Closed LongchaoDa closed 2 years ago

LongchaoDa commented 2 years ago

I was training a GAIL model with MlpLstmPolicy in Stable_Baselines2, however, I could not successfully run the training process even though: I made the

assert issubclass(self.policy, LstmPolicy)

in the TRPO part, Is there any changes I should make? Or If there is no other possible solution, how can i customize a LSTM policy to be compatible with GAIL for myself?

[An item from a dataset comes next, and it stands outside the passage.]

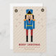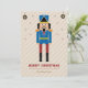 Eine Weihnachtskarte in Rot, Braun und Grün mit einer Abbildung eines Nutcrackers, einer Baule und einigen Sternen auf einem gestreiften braunen Hintergrund. Sie können es auch für Weihnachten für Ihre Familie oder ein Unternehmen nutzen, sogar für ein Neujahr!

Looking forward to your reply!

The error happened is here:

Traceback (most recent call last): File "/home/.../train-recurrentGail.py", line 18, in <module>
    model.learn(total_timesteps=100000)
  File "/home/.../model/gail/model.py", line 57, in learn
    return super().learn(total_timesteps, callback, log_interval, tb_log_name, reset_num_timesteps)
  File "/home/.../model/gail/myTrpo.py", line 364, in learn
    seg = seg_gen.__next__()
  File "/home/.../common/runners.py", line 118, in traj_segment_generator
    action, vpred, states, _ = policy.step(observation.reshape(-1, *observation.shape), states, done)
  File "/home/.../stable_baselines/common/policies.py", line 508, in step
    {self.obs_ph: obs, self.states_ph: state, self.dones_ph: mask})
  File "/home/.../python/client/session.py", line 956, in run
    run_metadata_ptr)
  File "/home/.../python/client/session.py", line 1156, in _run
    (np_val.shape, subfeed_t.name, str(subfeed_t.get_shape())))
ValueError: Cannot feed value of shape () for Tensor 'input_1/dones_ph:0', which has shape '(1,)'
Miffyli commented 2 years ago

LSTM is not supported in the pretraining. There was a PR adding this but it has then died out: https://github.com/hill-a/stable-baselines/pull/315 . For better imitation learning algos see imitation library, for example. Note that SB2 is not mantained anymore.

You may close this issue if you have no further questions.

LongchaoDa commented 2 years ago

Thank you, so you mean the structure of Stable Baseline 2 is difficult to support custom policy LSTM into GAIL traning? Maybe i will turn to the link you mentioned to explore more info.

Miffyli commented 2 years ago

Thank you, so you mean the structure of Stable Baseline 2 is difficult to support custom policy LSTM into GAIL traning? Yes it requires a bit of work (you may check the PR #315).

Closing issue as resolved :).